The View From Parson Street Nose
By PARSONSTNOSE | Thursday, July 29, 2010, 11:48
There seems to be a new way of walking: you point yourself in one direction and look in another. Three times in Bedminster now I have fallen foul of this ridiculous practice.
The first time it caught me quite unawares, I had just exited the Tesco on West Street when I spotted a chap with wildly curling hair heading my way. Due to the unfettered springiness of his locks I failed to notice he was looking over his shoulder.
By then it was too late, he crashed into me with force and I was nearly asphyxiated by the clouds of Lynx body spray or whatever powerful brand of pheromones he’d doused himself with that morning.
"Sorry, Love, didn't see you there," he mumbled. It was on the tip of my tongue to respond with: “Of course you didn't see me, you frizzy twit, you were looking in the opposite direction,” but I bit the words back and gave him a lipstick grinding smile in response.
Now on my guard I strode on my merry way heading for morning coffee on North Street.
This time the swiveller was a young woman who seemed to be extremely interested in her own shoulder as she beetled rapidly right into my path.
"Look where you're going," I called out in warning, but my words couldn’t make it through the pounding of her iPod and we collided like trawlers in the fog.
Being, as I am, quite generously proportioned, the poor girl bounced off me like a toddler on a trampoline.

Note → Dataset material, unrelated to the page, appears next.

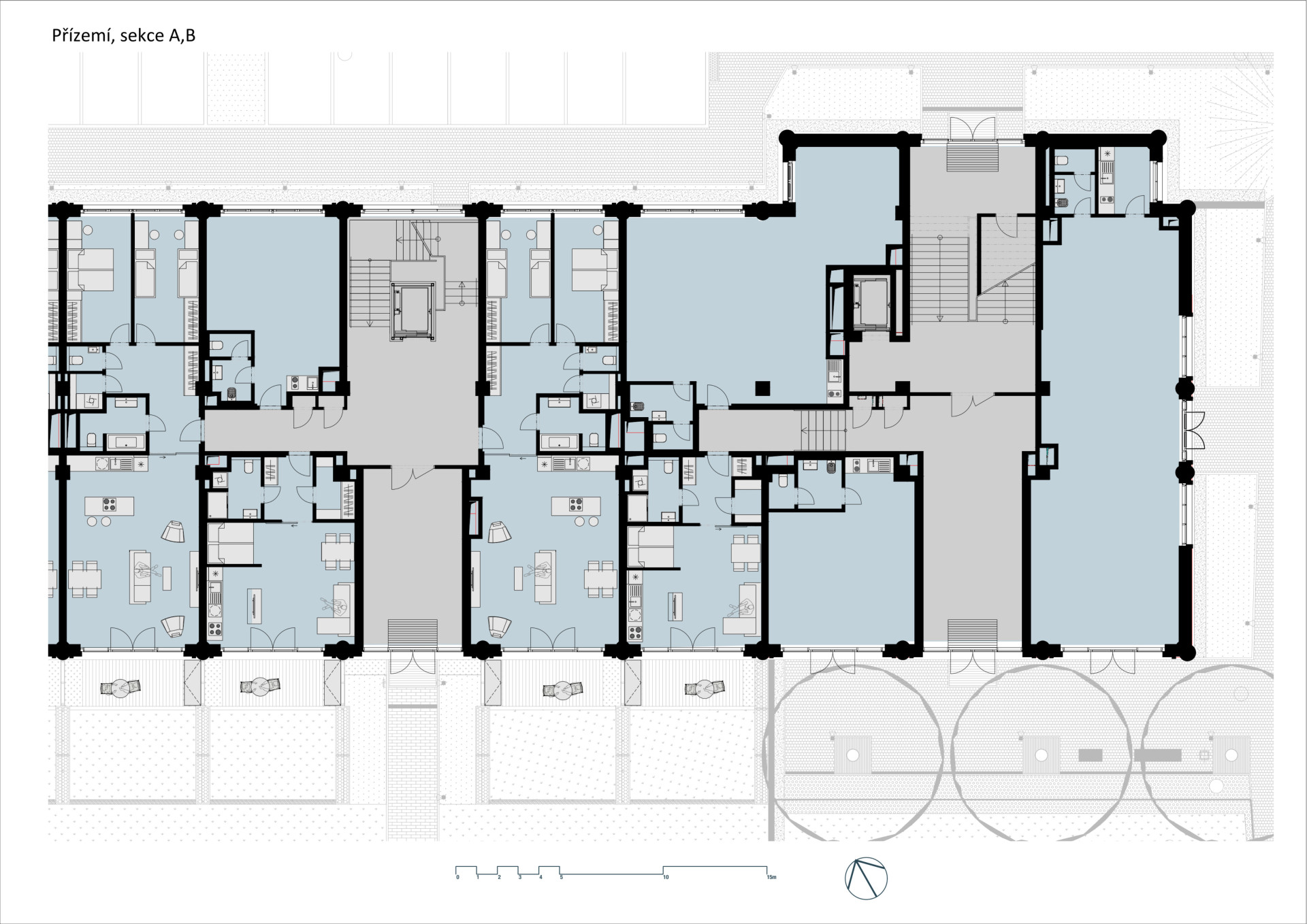 - Užitná plocha – společné prostory, garáže, sklepy: 6 767 m2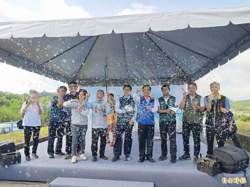 市長黃偉哲帶領各界貴賓一起為大內區公所主辦的「9月雪」活動揭幕。(記者吳俊鋒攝)

I did feel quite sorry for her as I watched her reeling outside the junk shop.
The final swiveller of the day I encountered much later in the park while I was walking my little Pickle.
A young chap, gabbling away into his mobile, he was striding out across the grass, head turned to watch his Golden Retriever as it bounded towards a welcoming mongrel wantonly waving her rear.
I do still feel guilty for allowing it to happen, but I console myself that he was speeding along so quickly I doubt he would have heard me before he tripped over Pickle's lead and sprawled headlong into the grass, nose-first into a patch of, what I hoped, was mud the way that he did.